Lívia amarrou Ibsen e seu subordinado e os trancou em seu quarto.
Às sete horas, o vovô, tio Soares e os outros chegaram.
Ao ver Ibsen e seu subordinado amarrados em frente ao armário de madeira, tio Soares se aproximou e chutou com força o peito de Ibsen.
— Seu desgraçado! Você sabe quantos moradores há em Serra Alta? E ainda queria explodir a vila!
O subordinado de Ibsen, ao ver isso, se arrastou com esforço, tentando proteger Ibsen do golpe.
Tio Soares chutou o subordinado para o lado, gritando: — A sua vez já vai chegar, pra que a pressa!
Dizendo isso, ele chutou Ibsen novamente com raiva.
Ibsen estava amordaçado e não conseguia falar, apenas suportava os chutes de Romário, que descarregava sua fúria.
Lívia não o impediu.
Afinal, se o plano de Ibsen tivesse sucesso, centenas de pessoas da vila morreriam naquela noite.
Depois de extravasar o suficiente, tio Soares finalmente se sentou e disse: — Lívia, ontem à noite, fizemos como você disse. Desenterramos todas as bombas plantadas na vila e os especialistas em explosivos desarmaram os fios.

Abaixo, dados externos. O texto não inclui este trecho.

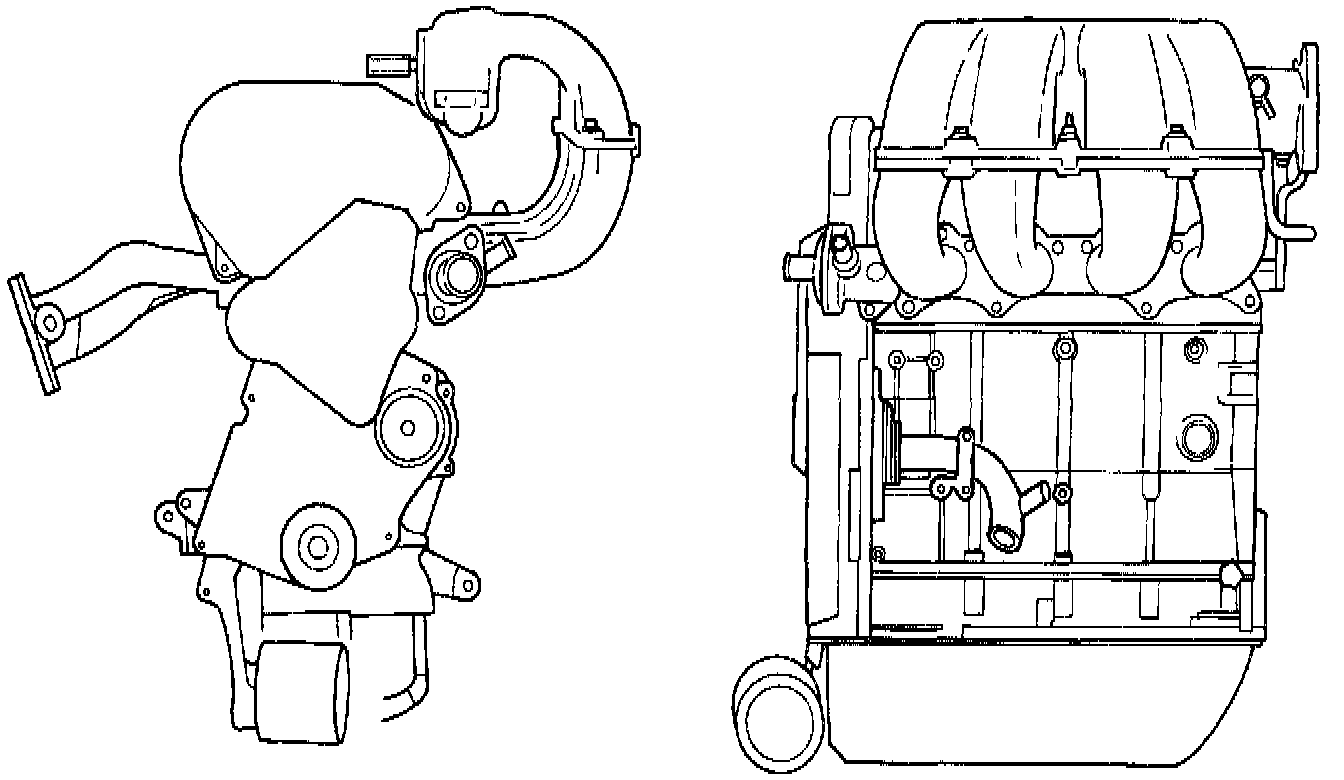 A closed deck design is used for cooling and weight reduction with water pump molded into the block. Nominal wall thickness is 4.5 mm. The bedplate incorporates main bearing caps. Rear seal retainer is integral with the block.

Lívia assentiu. — Ótimo, tio Soares. Hoje à noite, antes das onze, você e a tia Uiara levem o vovô e os outros tios e tias para se esconderem no subterrâneo.
A vila tinha um porão, originalmente usado apenas para armazenar mercadorias importantes. Quem diria que um dia serviria de abrigo.
Tio Soares assentiu. — Entendido.
Lionel, pensando em algo, perguntou: — Lívia, e os catorze condenados à morte?
Só então tio Soares e os outros se lembraram que esses condenados ainda não haviam sido tratados.
Lívia já tinha um plano. — Deixem apenas um condenado como testemunha chave para depor contra Ibsen. Os outros treze serão deixados na vila como isca.
Estava escuro, apenas as luzes das casas dos moradores cintilavam na escuridão, como estrelas no céu noturno.
Seu olhar se tornou sombrio e sua voz, fria. — Agora, o espetáculo vai começar.
…
Os homens de Ibsen, escondidos na vila, observavam a situação de Lívia das montanhas com binóculos de visão noturna.
— O Sr. Ibsen está lá dentro há tanto tempo sem sair. Será que algo aconteceu? Devemos agir agora?
— Não recebemos nenhuma mudança no plano. Aja de acordo com o plano original. Se algo der errado, não poderemos arcar com a responsabilidade!
Naquela manhã, a ordem que receberam foi: se o Sr. Ibsen não saísse da vila até as onze da noite, eles deveriam atacar a vila sob o pretexto de perseguir fugitivos, resgatar o Sr. Ibsen e depois detonar as bombas plantadas por toda a vila.
Não muito tempo depois, eles viram alguns moradores irem para a casa de Lívia e saírem cerca de duas horas depois.